+++ Recorded information +++

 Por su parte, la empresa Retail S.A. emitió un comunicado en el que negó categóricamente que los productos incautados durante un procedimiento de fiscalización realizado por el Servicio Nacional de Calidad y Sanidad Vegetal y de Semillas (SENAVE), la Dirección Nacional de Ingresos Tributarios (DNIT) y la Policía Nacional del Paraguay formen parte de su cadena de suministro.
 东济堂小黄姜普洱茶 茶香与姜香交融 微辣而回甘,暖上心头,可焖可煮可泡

+++
+++ Recorded information +++

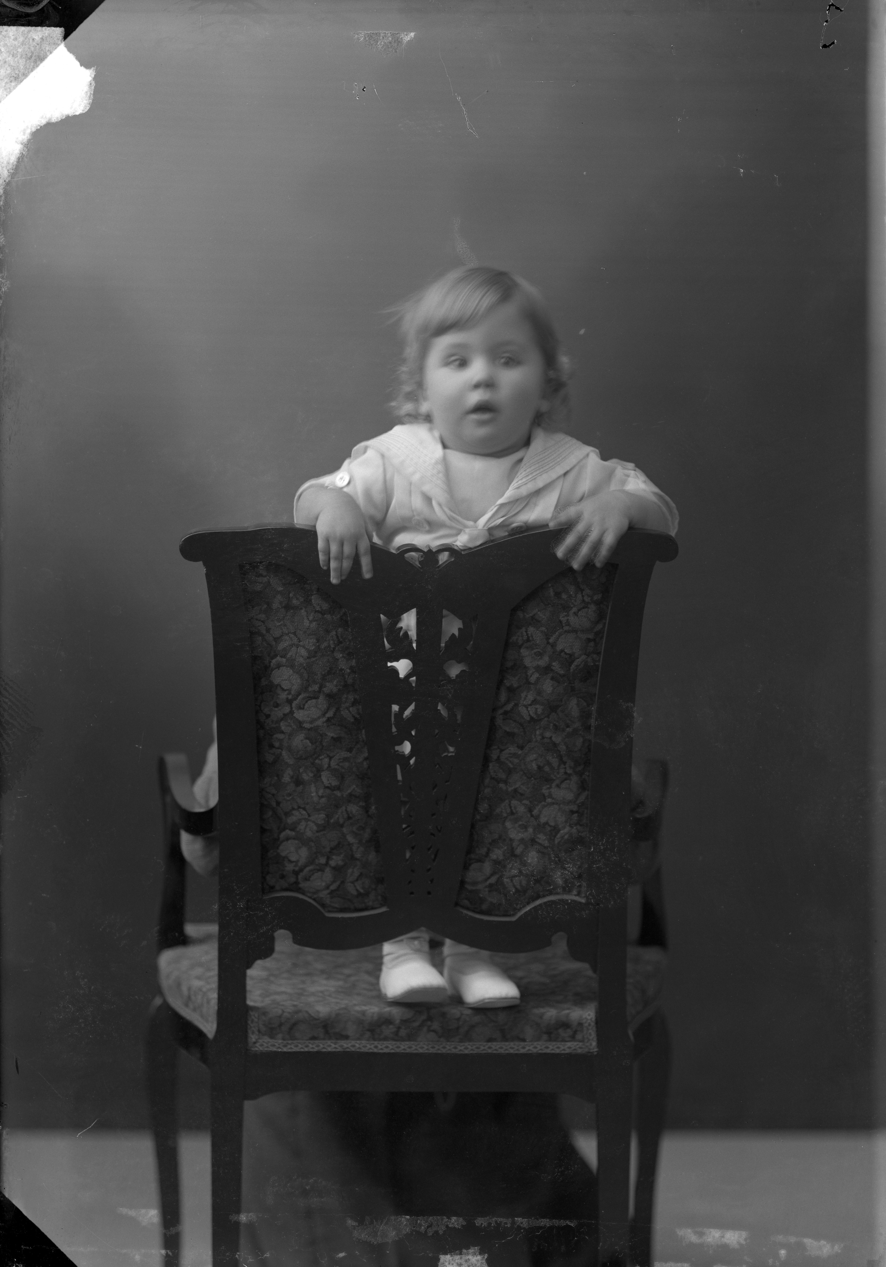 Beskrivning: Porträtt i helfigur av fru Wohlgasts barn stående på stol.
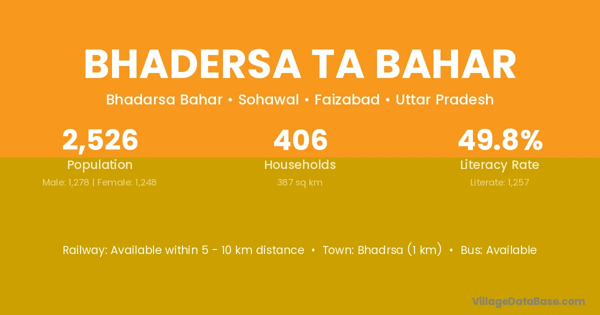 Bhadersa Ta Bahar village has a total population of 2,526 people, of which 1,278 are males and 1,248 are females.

+++
+++ Recorded information +++

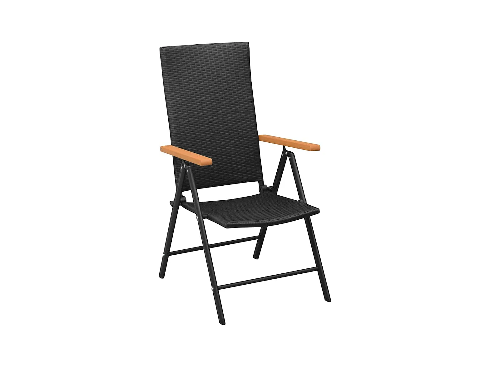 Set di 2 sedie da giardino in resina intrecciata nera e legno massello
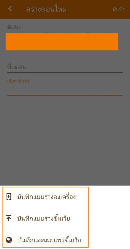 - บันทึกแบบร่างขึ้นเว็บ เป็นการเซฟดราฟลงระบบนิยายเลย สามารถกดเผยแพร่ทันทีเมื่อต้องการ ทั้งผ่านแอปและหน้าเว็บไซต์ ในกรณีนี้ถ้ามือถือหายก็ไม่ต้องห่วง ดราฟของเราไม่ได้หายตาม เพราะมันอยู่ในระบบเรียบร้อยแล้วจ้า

+++

→ **What you are asked to do**: Please make an exact copy of the lines above from the line with "Por su parte, la" through the line with "东济堂小黄姜普洱茶 茶香与姜香交融 微辣而回甘,暖上心头,可焖可煮可泡", both ends included.

→ **Answer space**:
 Por su parte, la empresa Retail S.A. emitió un comunicado en el que negó categóricamente que los productos incautados durante un procedimiento de fiscalización realizado por el Servicio Nacional de Calidad y Sanidad Vegetal y de Semillas (SENAVE), la Dirección Nacional de Ingresos Tributarios (DNIT) y la Policía Nacional del Paraguay formen parte de su cadena de suministro.
 东济堂小黄姜普洱茶 茶香与姜香交融 微辣而回甘,暖上心头,可焖可煮可泡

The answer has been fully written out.